Tomorrow I am taking my parents to visit my brother and his wife in Ann Arbor. Rather than take a more southerly route, I decided that the Right Thing was to help my folks to get out of town. It's a 12 hour ride. It's not a warm and sunny destination. We are going to take the train-chugga chugga woot woot! This way we can travel, with no pressure of driving through Chicago, Gary, Indiana, or potty breaks. There is food, movies, and some card playing in my future. We plan to see the campus of the University of Michigan, Ann Arbor while we're there. Is it right to take Mom and Dad away from their doctor and travel so far? I believe they need this desperately. They haven't left their home since August, and used to be so footloose and fancy free. I think I'm doing the Right Thing. Some might disagree.

I applied once upon a time to the Ann Arbor piano graduate program. I wasn't accepted there probably because I performed terribly and was an hour late. Young kid that I was, I forgot that they are an hour ahead of my time zone! So I drove and drove but never changed my clock. Huh, oops! That bad news turned out to be the Right Thing for my career; I loved my time in Connecticut and The Hartt School of Music was a good choice for me.

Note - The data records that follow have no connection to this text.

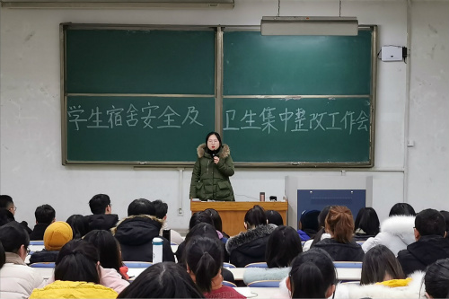 会议伊始,邢琛围绕宿舍安全与宿舍卫生两方面就学生公寓整改问题方案做详细介绍,其中包括整治目标、整治内容、整治要求、工作安排、重点注意问题五方面。随后,她就五个方面的具体实施展开详细阐述。在宿舍安全方面,禁止在宿舍吸烟酗酒,禁止在宿舍养宠物、禁止使用违章电器,不得使用明火、禁止存放和使用易燃易爆易腐蚀及放射性物品。在宿舍卫生方面,保证地面、桌面、床面整洁,不在宿舍残留垃圾,做卫生不留死角。会议中,邢琛讲到,学院将会进一步完善相关制度,强化落实与督查,严格处理各类违纪行为,希望同学们强化安全意识,加强宿舍卫生的整治工作,行动在前,及早整改和消除各类隐患,共同营造安全温馨的生活环境。此外,鼓励学生干部、学生党员发挥模范带头作用,以身作则,树立规范行为的标杆,齐心协力,配合学院深入有效地开展此次整治行动。
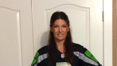 Kristi Merritt posted a series of images on her Facebook page on April 12, one of them showing her dressed as a football player holding a sign that read, "Does this make me Russell Wilson?" LifeSite News reports.
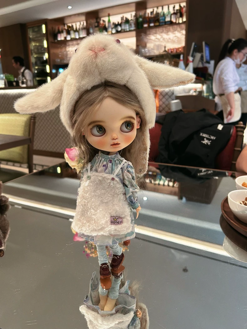 Charming Handmade BLYTHE Doll Outfit: Bunny Hat, Floral Dress & Cozy Socks
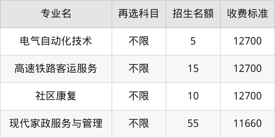 | 高职专科批 | 物理 | 高速铁路客运服务 | 10 |
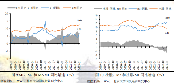 从M2-M1增速来看,1月末M2与M1的同比增速差为5.9%,增速剪刀差较上期下降2.2个百分点,表明1月末货币存款活期化明显提升,预示企业投资活力恢复较快。这种现象的背后显示出自去年疫情防控政策转变,感染高峰过后,市场预期得到较大程度的改善,企业投资明显改善。此外,2023年春节在1月和2022年春节在2月形成错位效应,造成活期存款的低基数效应。
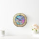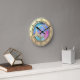Une horloge murale qui a une image des rouages intérieurs et la face d'une autre horloge. petit design mignon qui fait qu'il ressemble à vous regardez à travers l'horloge.
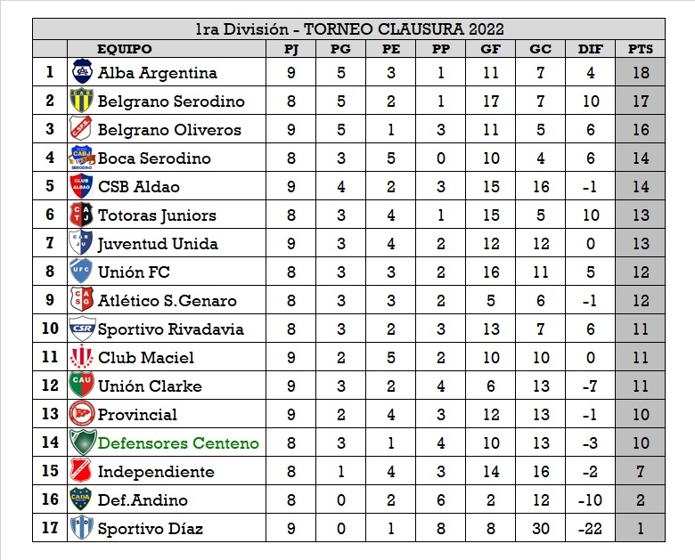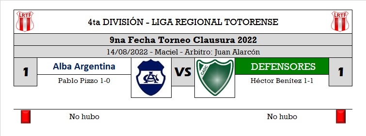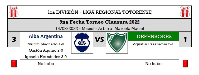El domingo 14 de agosto se disputó la 9na fecha del Torneo Clausura 2022 de la Liga Regional Totorense de Fútbol, dónde Defensores visitó a Alba Argentina de Maciel.
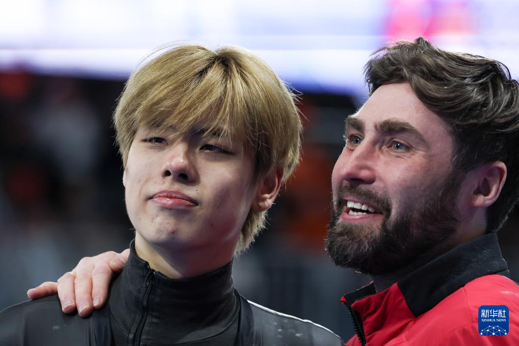 2月17日,中國(guó)隊(duì)選手劉瀚彬(左)與主教練李琰在賽后。新華社記者 李京 攝
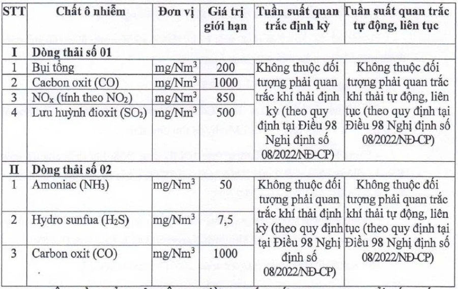 Khí thải phát sinh từ các bể xử lý nước thải được xử lý bằng thác lọc than hoạt tính và khí thải từ máy phát đạt Quy chuẩn kỹ thuật quốc gia về khí thải công nghiệp đối với bụi và các chất vô cơ (QCVN 19:2009/BTNMT).

How can we know what is the Right Thing, for ourselves, for the future, for health care? All I know is that what we have right now is the Wrong thing and it's time for a change for the better. Those who can not speak for themselves are hoping we do the Right Thing.

Friday, March 19, 2010

Is the Honors Concert a Prize?

The winners have been chosen for the annual state piano solo contest. The big blessing at my studio this year was that I had no alternates. Being an Alternate is the highly feared no man's land of not quite winning. An alternate waits for the winners to claim the prize of a Northrop on stage appearance. If a winner can't make the rehearsals and/or concert, the alternates are chosen, one at a time, from a list. (Students do not know what number they are on the secret list, it takes someone in the know to find out the likelihood of a call.) This ranking is done on the final contest day by the judge in their room. If you are deemed an alternate, you get a critique stamped in red indicating that you may have won. I always equate it to seeing Ed McMahon's face in my mailbox. This has been the bane of my teaching the last two years as we wait over a month to see if anyone cancels or misses the first rehearsal. Then my student might be called. My studio won outright this year! No dead zone, no maybes, they got outstanding critiques, only one didn't win!
I sent out congratulatory emails immediately and gave out the details of the honor they've been awarded. It is an opportunity to play before 4000 people in a duet, in an amazing historically significant space, with a conductor, with the other state winners on June 12. 20 grand pianos grace the stage. It is a magnum event with gala gowns and proud parents. With this duet comes rehearsals at a central location north of my studio about 45 minutes one way, in a music store warehouse. Many from around the state book hotel rooms and make weekends out of these rehearsals. This was a huge award for me as a child. We got to the big city several times, made a day of it, ate out, got a pretty long dress and shoes, went to a mall! I was so excited to win and perform in this event. I loved the idea of playing with all the other really good pianists.
Times have changed. I am starting to hear my parents' email replies to my wonderful news. "Well, we're not sure we're going to do the Honors Concert thing; we have several conflicts on Saturdays in the spring." "It's great that we won, but we did the concert last year, so we're going to take a year off." "This is expensive to buy music, drive all the way up to the music store 3 times, and twice to the U of M, buy clothes and then they charge for tickets?" "I will have to get back to you about the Northrop concert, how many rehearsals can they miss?"
Yikes! What is going on here? Who would work so hard, pay entry fees twice (to the one who thought it was expensive), win, and not take the prize? Is it indeed a prize?
Here's what I'm hearing.
1. It's time intensive. Yup, sure is. The duet needs rehearsals, with the conductor, all together, many times. This involves 4 Saturdays in the spring/early summer. We are lucky to live in the metro area. It does not involve sleeping over, or 4 hour car rides. The concert is lengthy and we can't play games on our iPhones.
2. It's about the music. We have to learn a new piece, quickly, and it's not a solo. Across the state, 600+ win, from ages 7-20. This would be the longest solo concert ever. We got to choose our solo piece, but sometimes the duets are poorly written or not in the styles students wanted.
3. It's about the money. Lessons are not cheap. Renting the warehouse and the auditorium and pianos are not cheap either, but I also think MMTA makes money on this event, which in turn is spent developing more programs to help students succeed. I consider it a "paying it forward" mentality.
4. It's under the radar of the world. There's no trophy or media hype; at least when they win other things they are mentioned in the paper. Wow. You would like a trophy for a piano event? You're right, there is little in potential scholarship money, college tuition or Nike commercials going to come from your performance.
5. It's just too much effort. Now, that one I believe. I see my families zooming to every soccer field in the county more Saturday mornings than they're home. They have no qualms about paying big dollars for grass and referees and shin guards. An away tournament once per month? No problem. So, what's the difference? I've given this some thought.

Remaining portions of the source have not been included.